TASK DIRECTIONS: Starting at the line below that contains "Mein Zwergenland Set" and ending at the line that contains "- 유틸렉스 (3,600원", retype each line exactly as it stands, but omit the pictures.
=== THE DATA ===
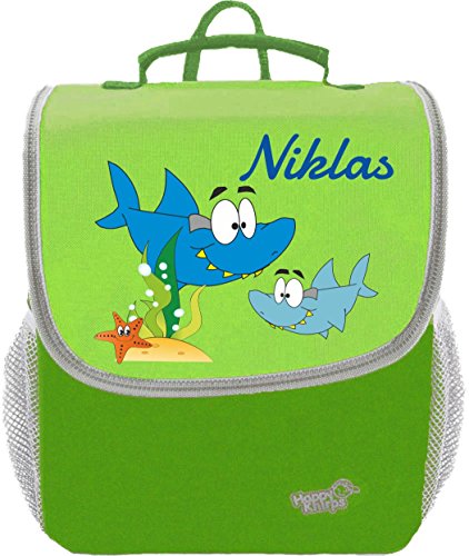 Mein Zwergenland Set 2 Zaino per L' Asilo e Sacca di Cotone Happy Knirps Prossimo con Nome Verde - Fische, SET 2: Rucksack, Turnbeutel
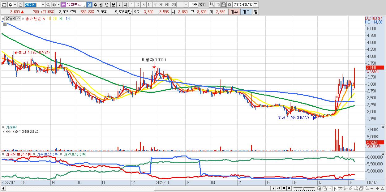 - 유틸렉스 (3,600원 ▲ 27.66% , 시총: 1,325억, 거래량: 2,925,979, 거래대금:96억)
===
=== THE DATA ===
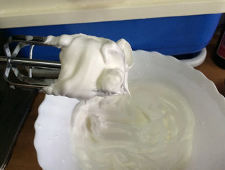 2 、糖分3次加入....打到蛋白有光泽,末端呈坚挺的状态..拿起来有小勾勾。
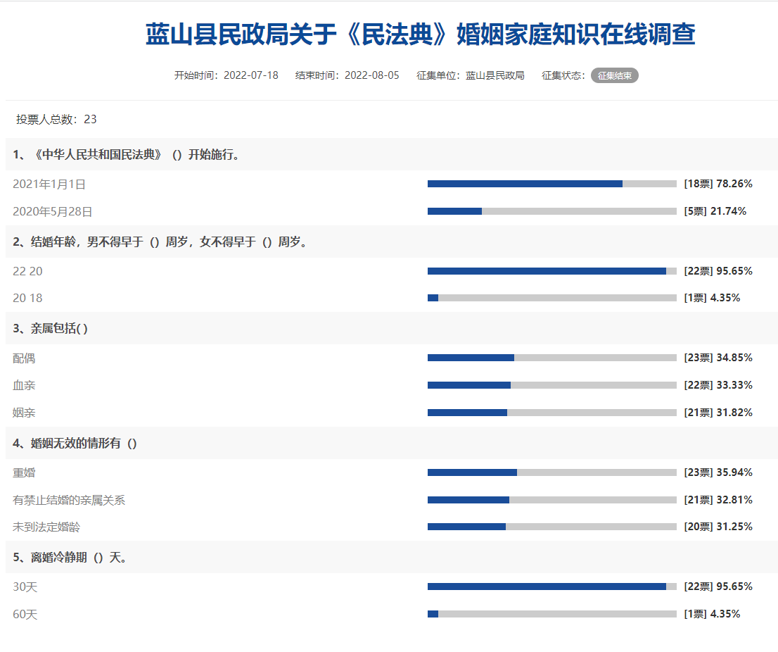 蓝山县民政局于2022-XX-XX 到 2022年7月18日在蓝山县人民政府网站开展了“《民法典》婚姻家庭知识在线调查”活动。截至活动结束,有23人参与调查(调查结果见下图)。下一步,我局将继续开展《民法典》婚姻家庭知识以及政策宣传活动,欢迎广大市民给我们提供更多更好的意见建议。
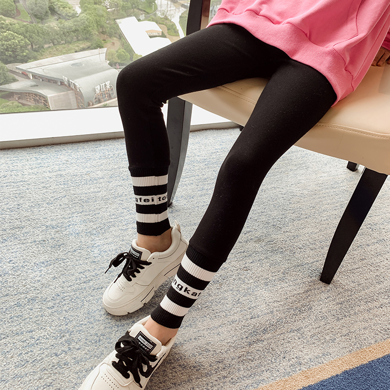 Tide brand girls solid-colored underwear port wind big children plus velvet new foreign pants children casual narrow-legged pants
===
WRITTEN RESPONSE:
 Mein Zwergenland Set 2 Zaino per L' Asilo e Sacca di Cotone Happy Knirps Prossimo con Nome Verde - Fische, SET 2: Rucksack, Turnbeutel
 - 유틸렉스 (3,600원 ▲ 27.66% , 시총: 1,325억, 거래량: 2,925,979, 거래대금:96억)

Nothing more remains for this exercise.